Otago Museum's sunfish even more intriguing

If you want to learn a strange secret, take a closer look at the big ocean sunfish specimen on display in the ground floor foyer of the Otago Museum.

The fibreglass cast was made in 1960 and later put on display, but only now, thanks to some genetic detective work, has the sunfish been given its correct name.

Scientists have identified it as a  hoodwinker sunfish (Mola tecta), a member of the first new sunfish species to be identified for 130 years.

Otago Museum natural science curator Emma Burns (left) and Otago Genetic Analysis Service manager...
Otago Museum natural science curator Emma Burns (left) and Otago Genetic Analysis Service manager Joanne Gillum with a fibreglass cast of the newly named species, Hoodwinker sunfish. Photo: Gregor Richardson.
Hoodwinkers are found in the cold waters of New Zealand, southern Chile, South Africa and the southeast coast of Australia and may be relatively common in New Zealand waters.

The museum’s foyer cast specimen records the largest known member of the hoodwinker species, which may have weighed about 450kg.

Marianne Nyegaard, a PhD student at Murdoch University in Australia, was the lead author in a recently published scientific paper on the  newly named sunfish species and led an  international project to identify and describe it.

Genetic work by University of Otago anatomy department head Prof Neil Gemmell and Joanne Gillum, who is part of his team, also contributed.

Otago Museum natural science curator Emma Burns was also part of the overall international detective work that uncovered the "hoodwinker" sunfish, including passing on two samples of DNA from stranded hoodwinker specimens, in association with the Department of Conservation.

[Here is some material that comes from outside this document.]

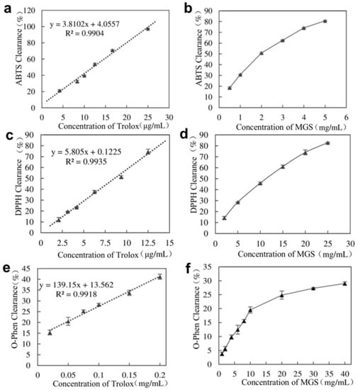 The antioxidant activity of MGS capsules is presented in Figure 5. When 5 mg/mL MGS-containing capsules were selected, the ABTS radical scavenging reached 80.72%. Their IC50 was 1.82 mg/mL and corresponded to the Trolox yield of 26.50 μmol/g (Figure 5a,b). The MGS capsules had a DPPH radical scavenging of up to 82.89% when the concentration of MGS was 25 mg/mL. Their IC50 was 9.61 mg/mL and corresponded to a Trolox yield of 3.58 μmol/g (Figure 5c,d). O-Phen test showed that 10 mg/mL MGS-containing capsules had a maximal antioxidant capacity of 19.54% (Figure 5e,f). In our case, the encapsulated MGS showed good antioxidant activity, depending on its concentration.

Sunfish, sometimes likened to a "giant pancake", are the world’s heaviest bony fish. They  can weigh up to two tonnes and reach 3m in length.

The heavy, bony creatures sometimes warm themselves in sunlit waters at the ocean surface — hence their sunfish name — before, at times, plunging 200m  or more  to feed on jellyfish. Prof Gemmell said the genetics work was "an important part of the puzzle". Mrs Gillum had led that work within his team and should "receive the credit".

Ms Burns said the museum’s education team was "absolutely excited" about how young visitors would react to a favourite sunfish with a "new name".